At the start of last month He hit me with malaria and slowed me down and I was aware that He wanted to get my attention. There were some pretty long nights and crazy chills as my body was fighting against it without medication until the very end. My heart was at peace and my mind still while my body raged against itself through the night. I had never had a fever bad enough to make me convulse with shivers hard enough to make my teeth chatter…yet His peace made it all feel not quite so bad. My temp lowered and I was able to sit and have a normal conversation with a clear mind finally after one of the longest nights of my life and yet my temp was still almost 104 degrees.
 
I felt as though His whisper was all but tangible as He was putting some pretty significant changes in my heart. He was once again slowing me for multiple reasons which I won’t get fully into here. One of the reasons why I think He used something as drastic as malaria is because sometimes i like to do things on my own strength and I like to be a “worker.” He wanted to again shift my heart because lovers will always outwork workers and He is looking for harvestors who are lovers and not merely workers… He tends to capture our hearts in ways we aren’t looking for.
 
Anyway, you want to know how I am doing?
 

This year…in many ways I came in wanting to be let loose…become unleashed. I have been fairly tame and ridiculously protected all of my life. I have been protected mostly by His faithfulness and I am not upset about that at all…however, there is a man of God raging somewhere inside of me that is trying to claw it’s way to the surface.

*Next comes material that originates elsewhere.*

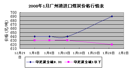 2008年1月份廣州港進口煤炭印尼煤(全硫0.31)價格整體走勢先穩(wěn)后揚。一月上半月價格保持平穩(wěn),保持在640元/噸,下半月價格呈上升趨勢,攀幅50元/噸,至690元/噸。

I feel kind of like a snake trying to molt the old self. I feel as though I have the slightest glimpse of what He is making me to be and yet I feel in a way suffocated by the old me that binds me and keeps me from being released and free. This deadness surrounds me and sticks so close that I can feel it. Yet, somewhere inside I can taste a freedom so sweet that makes my eyes yearn to be lit with fire. I feel Him stirring in the depths of me and all I can do is sit here waiting for Him to do His work…

what does he look like?
 
There is a man who walks by faith in a quiet confidence with eyes soft but holding an authority not my own inside of me…He is fiercely passionate and yet calm and in control…He lives with a reckless abandonment that is in no way reckless. He has discipline to love ravenously and the purity to walk upright. He is awakening and is trying to transform the passive, nice shell of a man that I have used as a “shelter” over the years into a raw warrior ready to be humbled by His truth…
 
 This man stands for truth, walks with justice and binds wisdom around his neck. Understanding is his friend and insight is held tightly. He speaks with grace and has the strength to remain gentle. He binds the broken and strengthens the weak. He stands firm in the face of the storm and sets his face like flint against the wiles of the enemy. He is a refuge for the weary and shelter for the downtrodden. His steps are firm and are established by the Lord. The words he speaks flow from the heart of the One True God.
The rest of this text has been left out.